The researchers found that reporting only capacity means storage rates are overestimated by between 19 and 30 per cent. They argue that requiring facilities to report actual capture rates would tell us more precisely how well CCS is working and put us in a much better position to address the climate crisis.
While the gap between capacity and actual storage were sometimes due to project performance issues, this was not always the case. The discrepancies also arose from changes over time in the source of CO2 and variations in the definition of capture capacity used by projects.
Co-author Visiting Professor Chris Jackson from Imperial’s Department of Earth Science and Engineering said: “CCS is a relatively new climate technology that is already contributing significantly to the fight against climate change. However, we show that capture capacity is not the best way to measure storage rates, and that governments should ideally enforce the use of the bottom-line metric of carbon captured.
“By and large, CCS plants are operating well and are contributing significantly to climate mitigation — but measuring their success more accurately can only help this effort.”

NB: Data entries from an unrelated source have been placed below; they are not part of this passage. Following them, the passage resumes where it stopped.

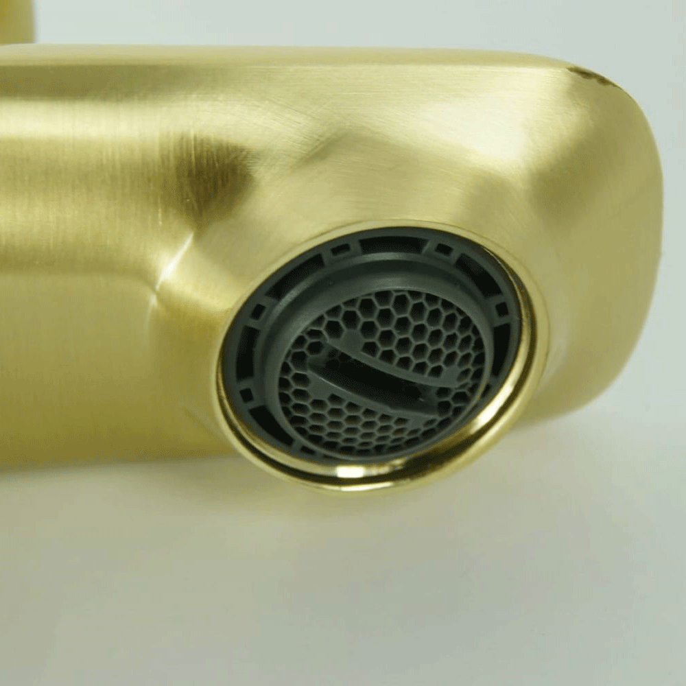 VERO to nowoczesna bateria umywalkowa w kolorze szczotkowanego złota. Umywalkowa bateria posiada uchwyt do bezpiecznej regulacji temperatury. Wyróżnia ją wykończenie w kolorze szczotkowanego złota. Trwałe materiały powodują iż bateria jest łatwa w czyszczeniu oraz odporna na ścieranie.
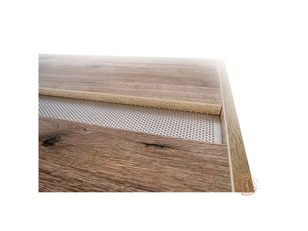 Větrání je řešeno otvory s hliníkovou mřížkou pod dvířky a ve stropě.
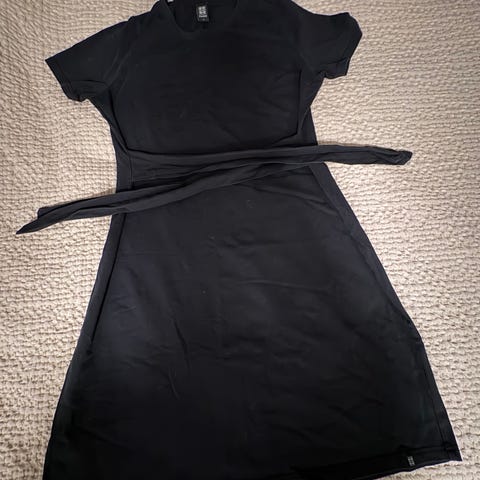 Kaikon trikoomekko. Kiinteä vyö, joka voidaan solmia eteen tai taakse. Haalistunut pesussa jonkun verran, mutta muuten hyvä käytetty kunto.
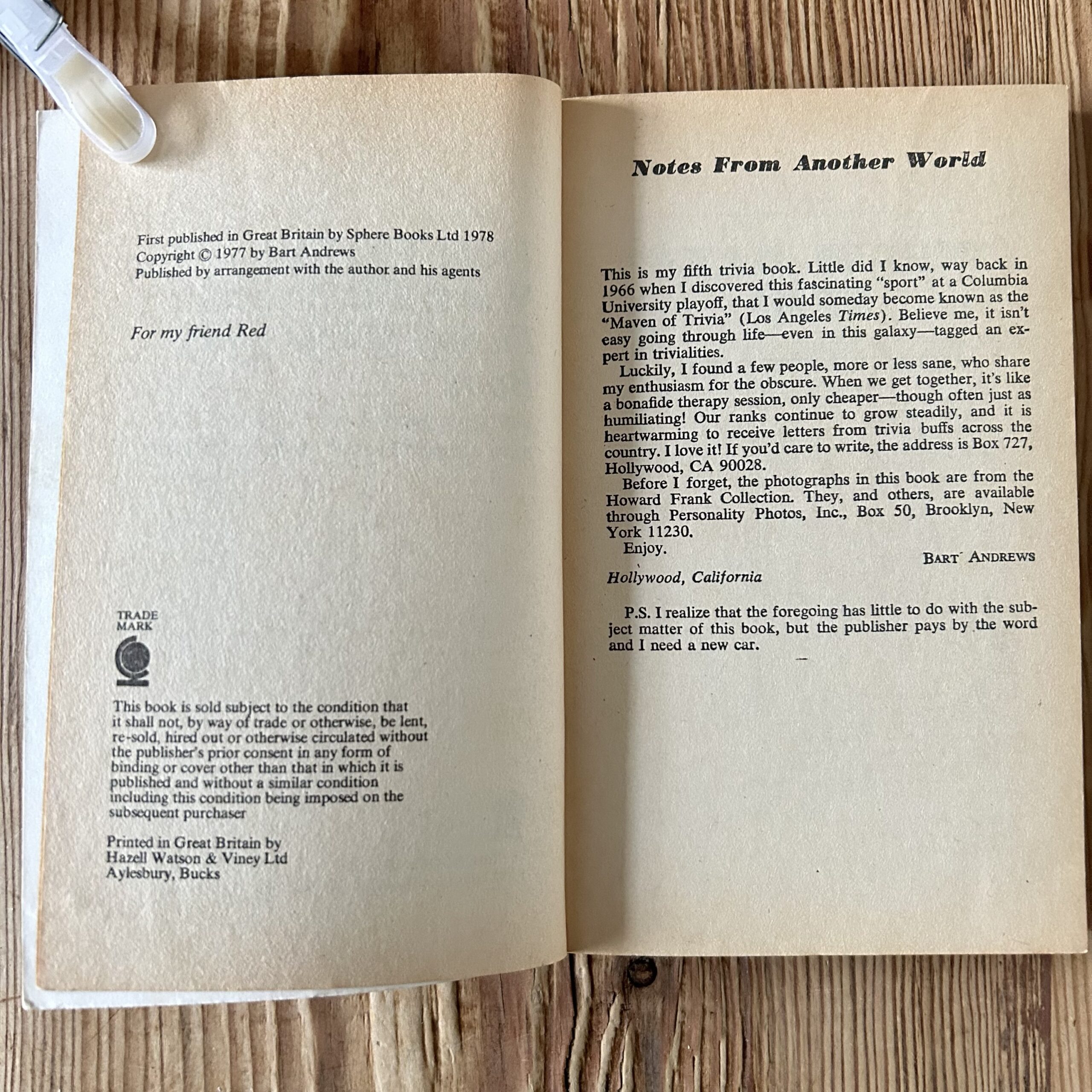 From the Blob to Star Wars is a comprehensive and nostalgic trivia collection by Bart Andrews, published by Sphere Books at the height of the late-70s space opera craze. This quiz book challenges cinema fans with hundreds of questions covering the “Golden Age” of B-movies, 1950s creature features, and the high-budget blockbusters of the 1970s. From the gelatinous terror of The Blob to the revolutionary special effects of Star Wars, the book serves as a time capsule of genre history, featuring puzzles and trivia that test knowledge of actors, directors, and the practical effects that defined early science fiction film.

Consistent reporting on CCS storage performance can better facilitate the modelling of large-scale deployment of CCS to monitor short-term emission reductions and long-term resource requirement of the technology. The researchers say reporting frameworks should include key details like intended capture rate capacity, maximum capture rate capacity, annual capture of CO2, annual transport of CO2, annual storage of CO2, quality assurance measures such as third-party auditing, and reasons for any offline periods where the CCS facility could not operate as intended.
This work was funded by Engineering and Physical Sciences Research Council (EPSRC), part of UKRI.